Are Republican Candidates Good Businessmen?

The water level in Galveston Bay, off the Texas coast, is rising, faster than ever recorded. That’s what the five scientists who wrote the most recent “State of Galveston Bay” report, commissioned by the Texas Commission on Environmental Quality, discovered. But the TCEQ commissioners, appointed by Governor Rick Perry, don’t want Texans to know that, so they censored the scientists’ report to remove their projection that this rise will accelerate in the future and that it is “one of the main impacts of global climate change”. These political appointees deleted or altered nearly all references to the effects of global warming on the Bay. All of the scientists have asked to have their names removed from the report.

This example of scientific censorship comes on the heels of the firing of Georgia’s state climatologist, David Stooksbury, by the Republican Governor, Nathan Deal, who apparently did not like his acceptance of the scientific consensus that human activity has contributed to global warming.

Herman Cain said in June, “I don't believe global warming is real.” In August, Perry said in New Hampshire that global warming is a hoax perpetrated by a “substantial number of scientists who have manipulated data”. The Republican candidates for President often say that government should be run like a business. Yet businesses take a very different attitude toward the science of global warming than Republican politicians.

Insurance companies across the world have built warming into their rate structures for years.

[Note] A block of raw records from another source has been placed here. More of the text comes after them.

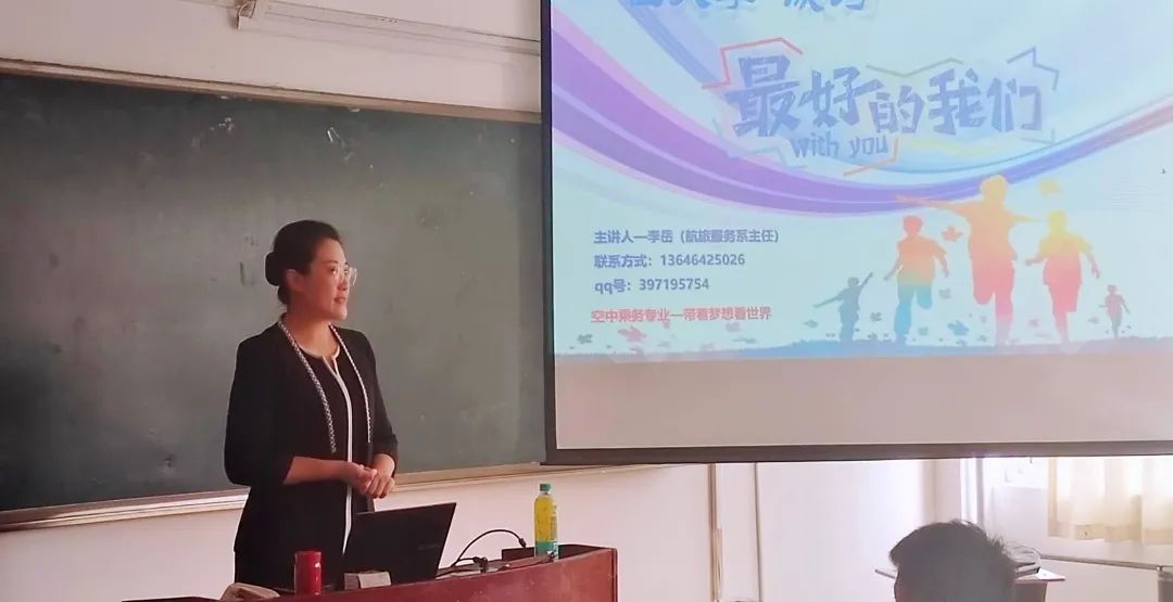 为使2021级新同学能更好的适应大学新生活,更加详细的了解校史校风,明确校纪校规,加强专业认知,培养良好的学习习惯。航旅服务系于2021年9月28日星期二邀请系部主任李岳老师,为2021级空中乘务专业新生做入学教育专题讲座。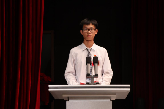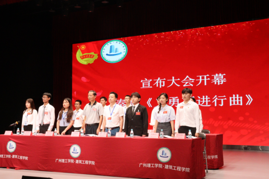 在雄壮的国歌声中,同学们全体起立,共同奏唱国歌,大会正式开始。邓伟梁、陈丽冰主持会议。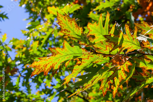 oak, tree, foliage, turning, yellow, autumn, leaf, fall, oak tree, colourful, park, nature, plant, season, green, element, design, acorn, light, growth, organic, symbol, life, fallen, fresh, nobody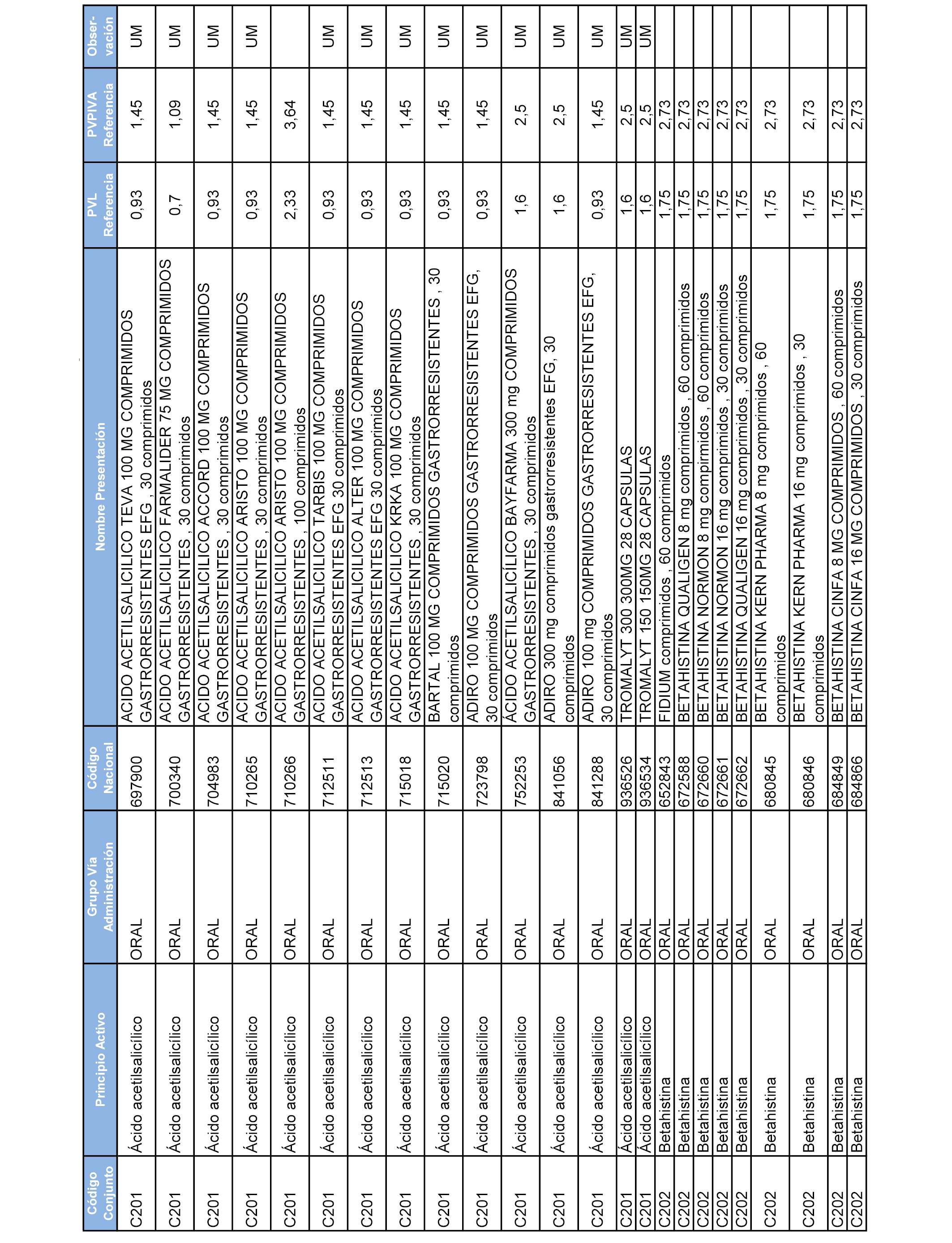 En el anexo 1 de esta orden se relacionan los conjuntos de referencia de presentaciones de medicamentos dispensables por oficinas de farmacia a través de receta médica oficial u orden de dispensación, con indicación del precio industrial de referencia y PVPIVA de referencia fijado para cada presentación.

In 2006, Marsh, the world's largest insurance broker, sent a 36-page “risk alert” to clients that said: “Climate change - often referred to as ‘global warming’ - is one of the most significant emerging risks facing the world today, presenting tremendous challenges to the environment, to the world economy, and to individual businesses. Businesses - if they haven't already - must begin to account for it in their strategic and operation planning.”

A report last month by the National Association of Insurance Commissioners discussed a 2010 survey of 88 major US insurance companies: “the survey revealed a broad consensus among insurers that climate change will have an effect on extreme weather events.”

Some forward-thinking businesses see opportunity in global warming. During the last 10 years, the polar ice sheet has shrunk by about one-third from its previous size. The Norwegian Arctic Monitoring and Assessment Program estimates that within 30 or 40 years the entire Arctic Ocean will be ice-free in the summer. Now that the Arctic ice is melting, companies in Russia are taking advantage of new sea routes and fishing areas, as is Exxon Mobil, who hopes to drill for oil. Planning ahead is just good business.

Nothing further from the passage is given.